= Utah Division of Arts and Museums =

U.S. state government agency

The division's logo

The Utah Division of Arts & Museums is a state government agency responsible for the promotion of arts and museums in Utah. It is a division of the Utah Department of Cultural & Community Engagement. It includes the Utah Office of Museum Services and the Utah Arts Council as advisory and policy-making boards.

The Division's primary offices, as well as its arts education and literary arts programs, are located in the Glendinning Home, next to the Governor's Mansion in Salt Lake City. Its folk arts and museum services programs are housed in the Chase Home Museum of Utah Folk Arts. Its visual, public, and design arts programs operate from offices in the Rio Grande Depot in Salt Lake City. The Division maintains two public galleries: the Alice Gallery at the Glendinning Home, exhibiting artwork from Utah's State Fine Art Collection and Traveling Exhibition Program; and the Rio Gallery, at the Rio Grande Depot, exhibiting artwork of contemporary Utah artists.

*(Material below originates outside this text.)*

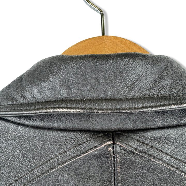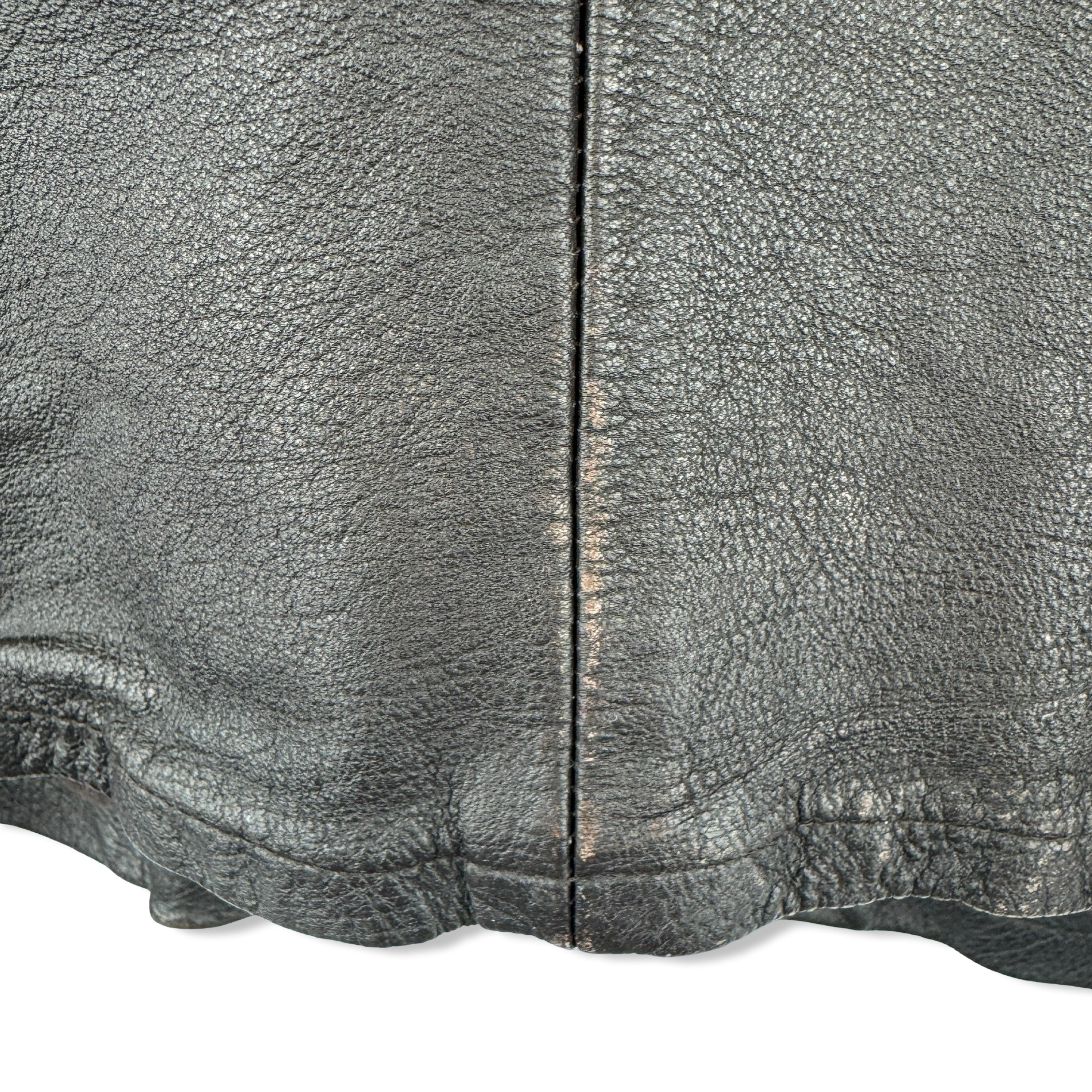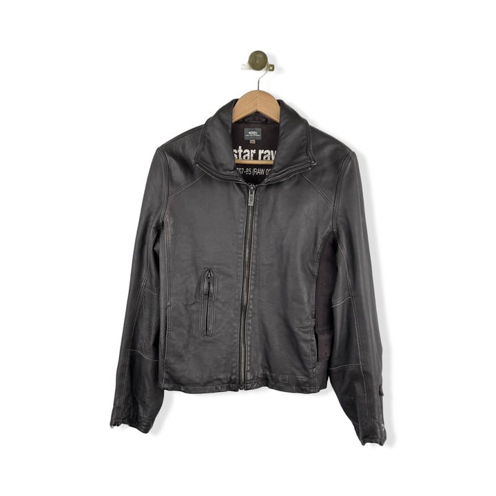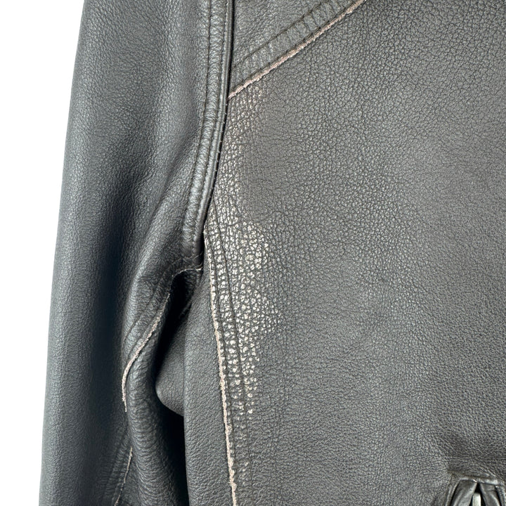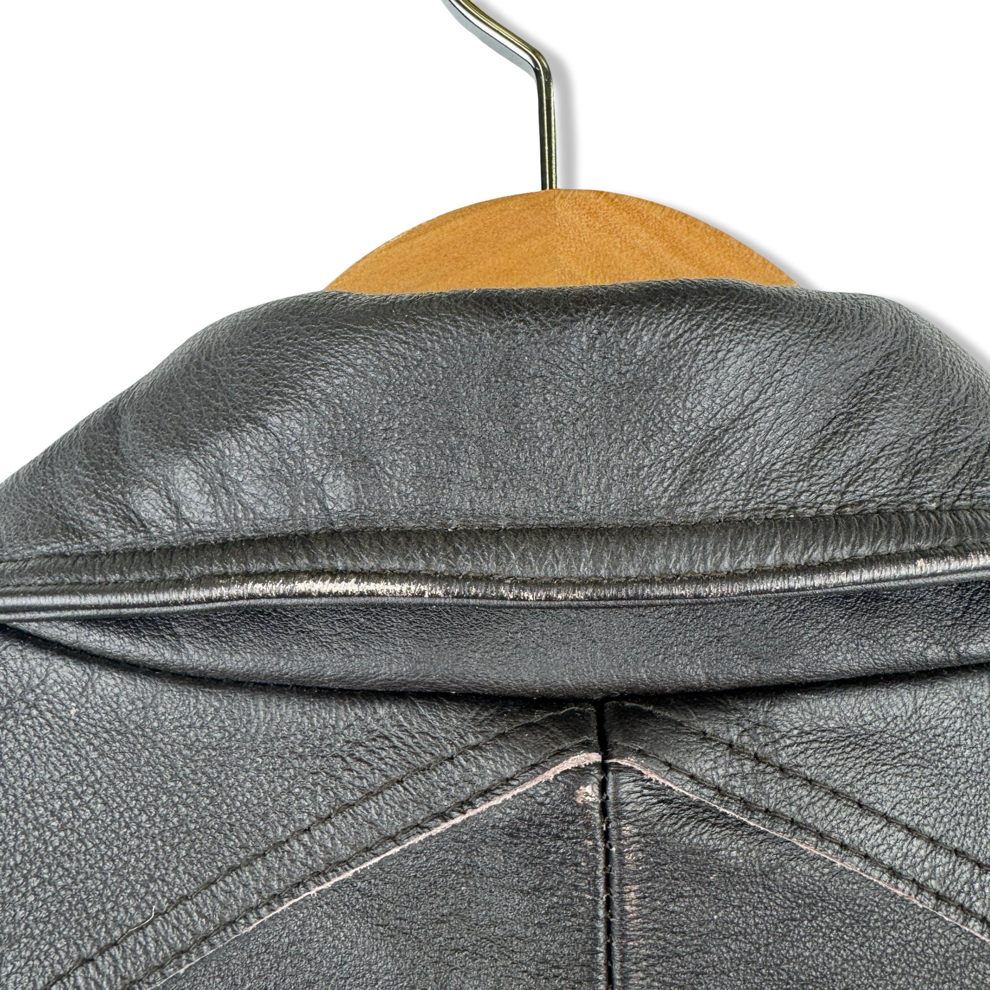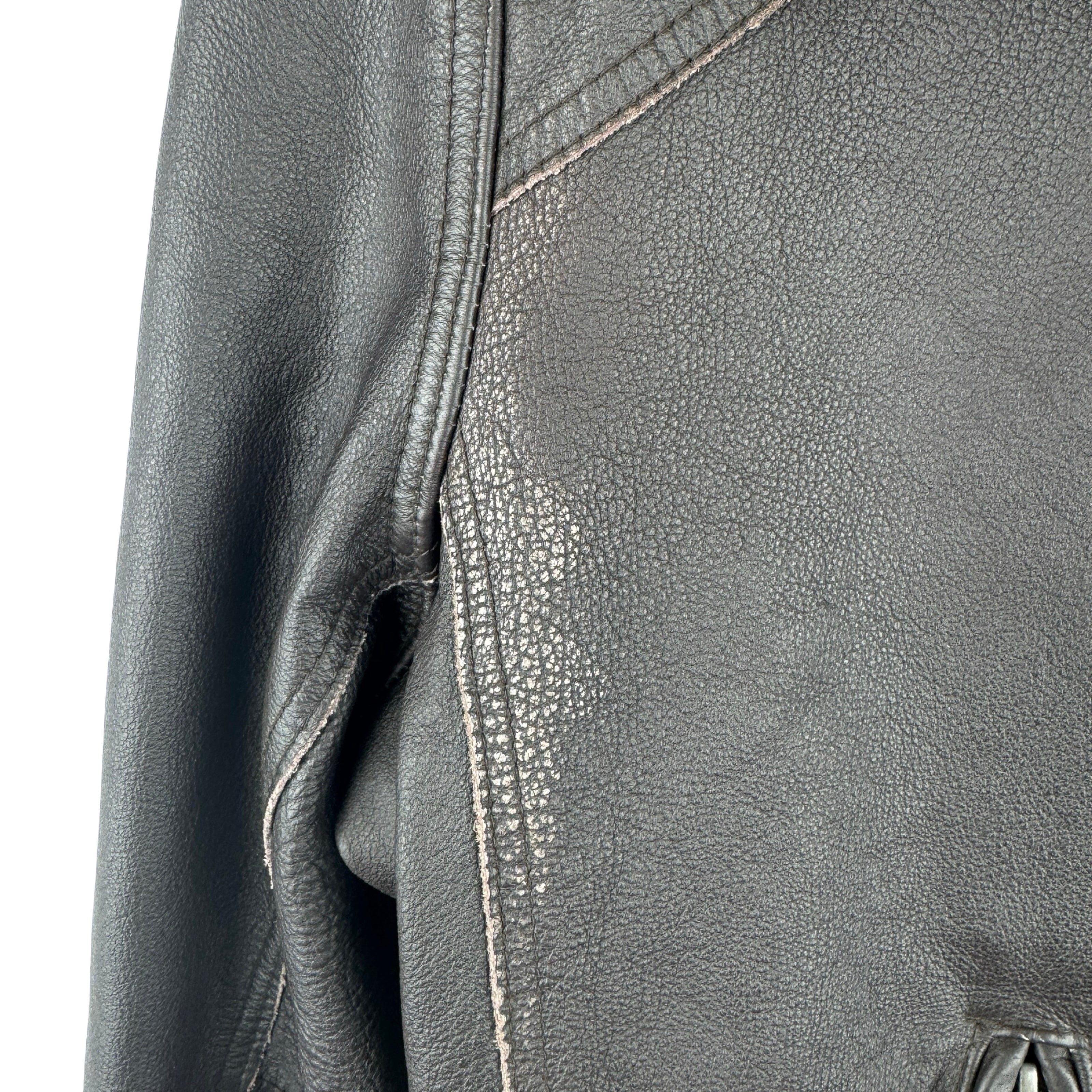- Leather zip jacket with dual front pockets. Signs of wear (pictured)

Victoria Bourns has been the division's director since 2017.

==Utah Arts Council==
The Utah Arts Council was established in 1899 as the Utah Art Institute through the passage of the "Art Bill," legislation drafted by Utah Rep. Alice Merrill Horne (an artist, arts patron, and the first woman elected to the Utah State House of Representatives) and fellow artist George M. Ottinger.